* **What needs to be done**
Leave no line out; reproduce the listing exactly.

* **Supplied data**
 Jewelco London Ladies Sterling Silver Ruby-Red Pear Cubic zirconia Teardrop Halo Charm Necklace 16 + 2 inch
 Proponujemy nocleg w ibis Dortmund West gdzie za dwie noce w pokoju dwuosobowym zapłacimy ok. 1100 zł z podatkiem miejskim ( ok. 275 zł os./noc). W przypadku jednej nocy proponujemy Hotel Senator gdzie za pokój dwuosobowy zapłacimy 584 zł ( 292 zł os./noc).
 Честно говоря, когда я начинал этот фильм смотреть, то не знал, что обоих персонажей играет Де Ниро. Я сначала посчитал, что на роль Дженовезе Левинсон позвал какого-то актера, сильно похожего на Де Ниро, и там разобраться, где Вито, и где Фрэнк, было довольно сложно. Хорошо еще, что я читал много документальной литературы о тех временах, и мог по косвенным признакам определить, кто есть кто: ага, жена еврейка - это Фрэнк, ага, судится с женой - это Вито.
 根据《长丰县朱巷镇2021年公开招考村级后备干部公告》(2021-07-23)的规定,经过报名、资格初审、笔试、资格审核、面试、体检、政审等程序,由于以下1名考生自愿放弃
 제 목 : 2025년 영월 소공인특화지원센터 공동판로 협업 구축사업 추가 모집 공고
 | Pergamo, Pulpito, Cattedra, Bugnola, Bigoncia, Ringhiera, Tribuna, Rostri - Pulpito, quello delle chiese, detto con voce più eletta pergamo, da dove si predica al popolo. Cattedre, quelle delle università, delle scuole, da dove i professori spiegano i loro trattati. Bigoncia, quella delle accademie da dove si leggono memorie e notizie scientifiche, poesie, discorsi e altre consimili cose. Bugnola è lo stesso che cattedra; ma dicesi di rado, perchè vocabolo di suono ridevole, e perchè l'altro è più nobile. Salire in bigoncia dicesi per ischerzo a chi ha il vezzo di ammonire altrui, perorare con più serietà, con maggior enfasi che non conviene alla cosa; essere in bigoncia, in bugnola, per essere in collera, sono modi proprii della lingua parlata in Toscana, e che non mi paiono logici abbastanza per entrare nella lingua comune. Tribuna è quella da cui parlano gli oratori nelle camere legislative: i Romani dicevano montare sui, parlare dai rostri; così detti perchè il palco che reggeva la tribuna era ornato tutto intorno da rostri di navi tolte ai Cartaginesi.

* **Answer**
 Jewelco London Ladies Sterling Silver Ruby-Red Pear Cubic zirconia Teardrop Halo Charm Necklace 16 + 2 inch
 Proponujemy nocleg w ibis Dortmund West gdzie za dwie noce w pokoju dwuosobowym zapłacimy ok. 1100 zł z podatkiem miejskim ( ok. 275 zł os./noc). W przypadku jednej nocy proponujemy Hotel Senator gdzie za pokój dwuosobowy zapłacimy 584 zł ( 292 zł os./noc).
 Честно говоря, когда я начинал этот фильм смотреть, то не знал, что обоих персонажей играет Де Ниро. Я сначала посчитал, что на роль Дженовезе Левинсон позвал какого-то актера, сильно похожего на Де Ниро, и там разобраться, где Вито, и где Фрэнк, было довольно сложно. Хорошо еще, что я читал много документальной литературы о тех временах, и мог по косвенным признакам определить, кто есть кто: ага, жена еврейка - это Фрэнк, ага, судится с женой - это Вито.
 根据《长丰县朱巷镇2021年公开招考村级后备干部公告》(2021-07-23)的规定,经过报名、资格初审、笔试、资格审核、面试、体检、政审等程序,由于以下1名考生自愿放弃
 제 목 : 2025년 영월 소공인특화지원센터 공동판로 협업 구축사업 추가 모집 공고
 | Pergamo, Pulpito, Cattedra, Bugnola, Bigoncia, Ringhiera, Tribuna, Rostri - Pulpito, quello delle chiese, detto con voce più eletta pergamo, da dove si predica al popolo. Cattedre, quelle delle università, delle scuole, da dove i professori spiegano i loro trattati. Bigoncia, quella delle accademie da dove si leggono memorie e notizie scientifiche, poesie, discorsi e altre consimili cose. Bugnola è lo stesso che cattedra; ma dicesi di rado, perchè vocabolo di suono ridevole, e perchè l'altro è più nobile. Salire in bigoncia dicesi per ischerzo a chi ha il vezzo di ammonire altrui, perorare con più serietà, con maggior enfasi che non conviene alla cosa; essere in bigoncia, in bugnola, per essere in collera, sono modi proprii della lingua parlata in Toscana, e che non mi paiono logici abbastanza per entrare nella lingua comune. Tribuna è quella da cui parlano gli oratori nelle camere legislative: i Romani dicevano montare sui, parlare dai rostri; così detti perchè il palco che reggeva la tribuna era ornato tutto intorno da rostri di navi tolte ai Cartaginesi.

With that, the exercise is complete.